Je m’appelle Ondine, je suis diplômée de l’École des plantes de Paris, j’étudie la botanique de terrain à l’Université d’Amiens et l’écologie urbaine à l’École du Breuil. J’anime des balades botaniques à Paris et en Île-de-France autour des plantes sauvages comestibles et médicinales. C’est dans ce cadre que je rencontre régulièrement l’achillée millefeuille, et que j’ai voulu lui consacrer un article complet et sourcé !

Tiges et feuilles finement découpées d'achillée millefeuille (Achillea millefolium) sur fond blanc

Les feuilles bipennatiséquées de l’achillée millefeuille, caractéristiques du genre Achillea.
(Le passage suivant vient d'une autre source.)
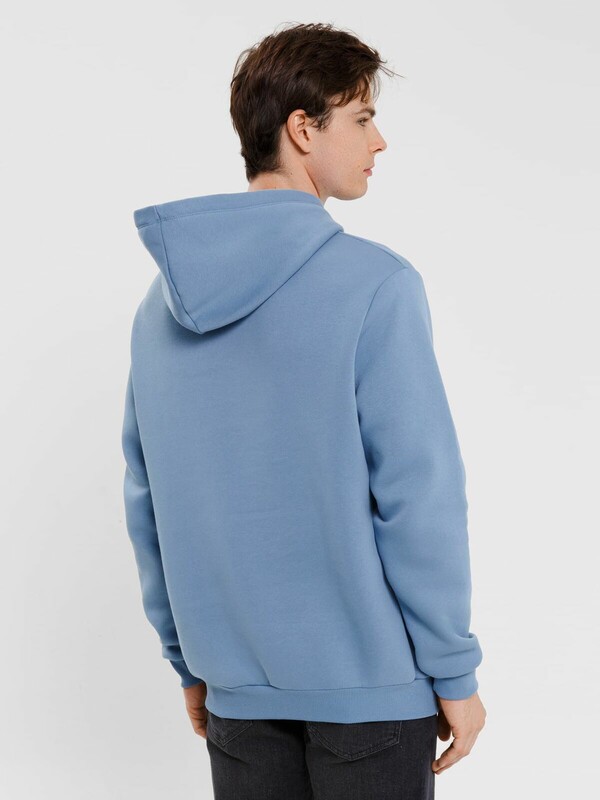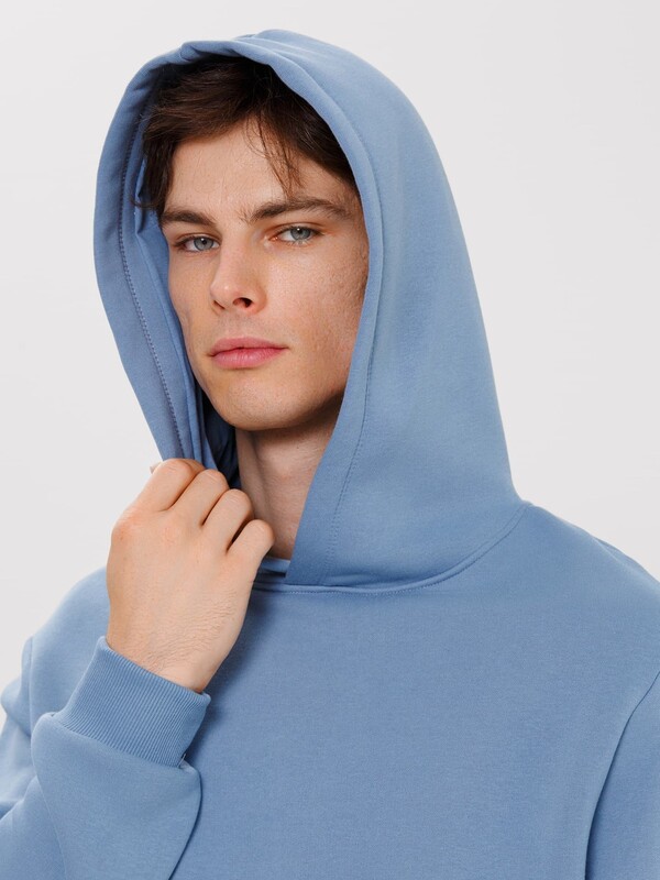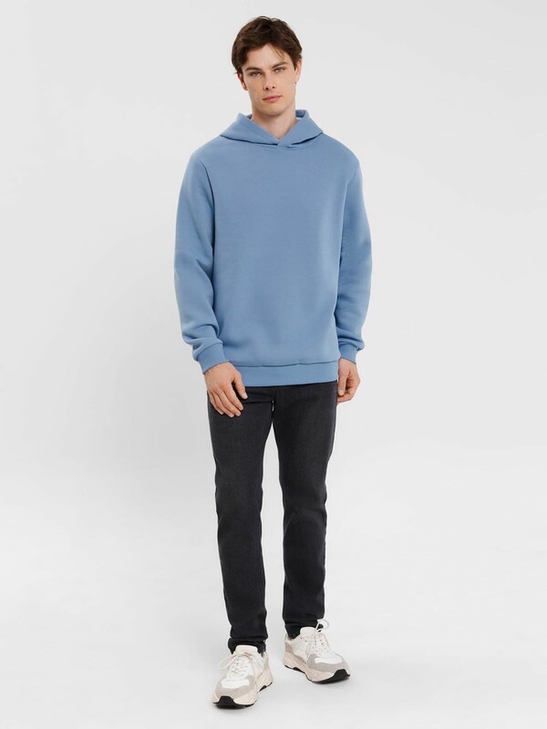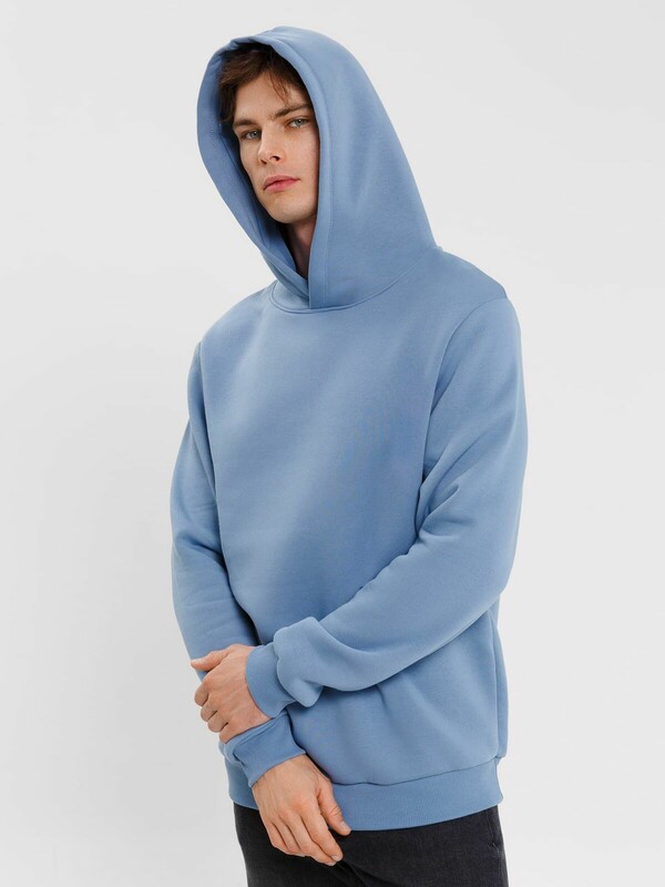 Мужское худи прямого силуэта, слегка посаженное на пояс. Выполнено из трикотажного футера с теплым подчесом. Горловина круглая, с уютным капюшоном, который спереди идет внахлест. Рукава длинные, на манжетах. Есть вместительный карман-кенгуру. Слегка спущенная линия плеча и немного углубленная пройма дарят свободу движений. Отличное худи для стильных образов!

L’achillée millefeuille, qui est-elle vraiment ?

Comment reconnaître l’achillée millefeuille sur le terrain

Achillea millefolium est une plante herbacée vivace de la famille des Astéracées (Asteraceae). Elle mesure entre 20 et 70 cm selon la richesse du sol, et sa tige est dressée, légèrement velue au toucher, parfois teintée de rougeâtre.

Ce qui la rend immédiatement reconnaissable, ce sont ses feuilles. Alternes, sessiles (sans pétiole), elles sont découpées en une multitude de segments très fins, eux-mêmes subdivisés : c’est de là que vient le nom millefolium, « mille feuilles ». Quand on les froisse entre les doigts, elles dégagent une odeur aromatique assez forte, un peu camphrée, légèrement amère. Si vous sentez cette odeur, c’est un excellent critère d’identification !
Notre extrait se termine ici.